West Texas Intermediate Crude oil futures for November climbed $3.29 or about 3.6% to settle at $93.68 a barrel, the highest settlement since August 29, 2022.
Brent crude futures were up $1.98 or about 2.1% at $94.41 a barrel a little while ago.
Data released by the U.S. Energy Information Administration (EIA) this morning showed crude inventories in the U.S. fell by 2.169 million barrels during the week ended September 22 versus expectations for a 0.9 million barrel increase.
Gasoline stockpiles rose by 1.027 million barrels last week compared to forecasts for a drop of 0.5 million barrels. Meanwhile, distillate stockpiles increased by 0.398 million barrels versus the expected draw of 1 million barrels.
The data also said Cushing inventories fell to the lowest level since July 2022.
Meanwhile, the American Petroleum Institute reported on Tuesday that U.S. crude oil stockpiles rose by 1.586 million barrels during the week ended September 22 compared to expectations for a small drop.

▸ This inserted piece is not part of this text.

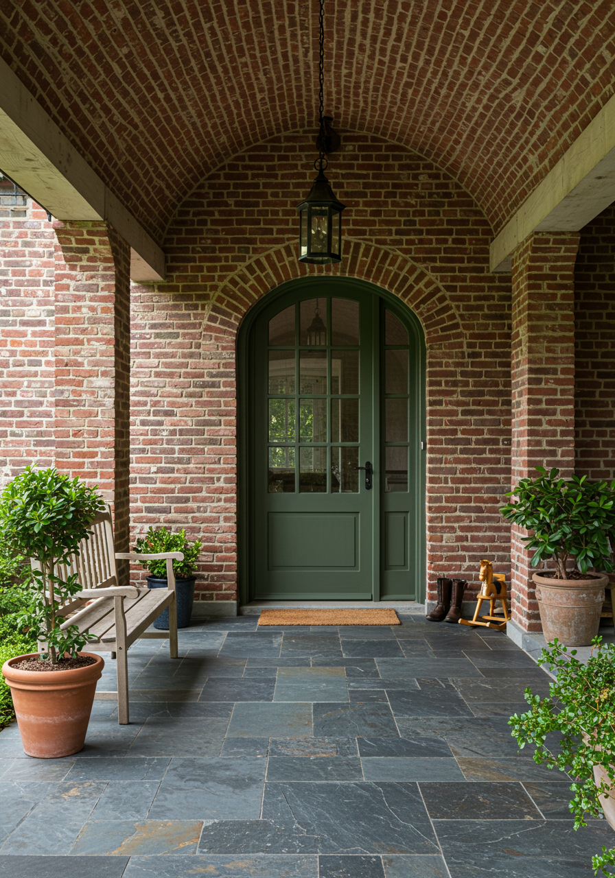 If you have an expansive front porch, there might be room for a fully furnished seating area. But even with a smaller front entrance, it’s usually possible to add a single small stool, chair or bench that serves multiple functions.

“Brent crude is now just over a few dollars away from the $100 price level, which could see further momentum buying if global leaders don’t do anything to try to jawbone prices down,” says Edward Moya, Senior Market Analyst at OANDA.
He adds, “The Biden administration will undoubtedly want lower energy prices given we are just over a year from the presidential election, but tapping the low levels from the SPR will only provide temporary relief.”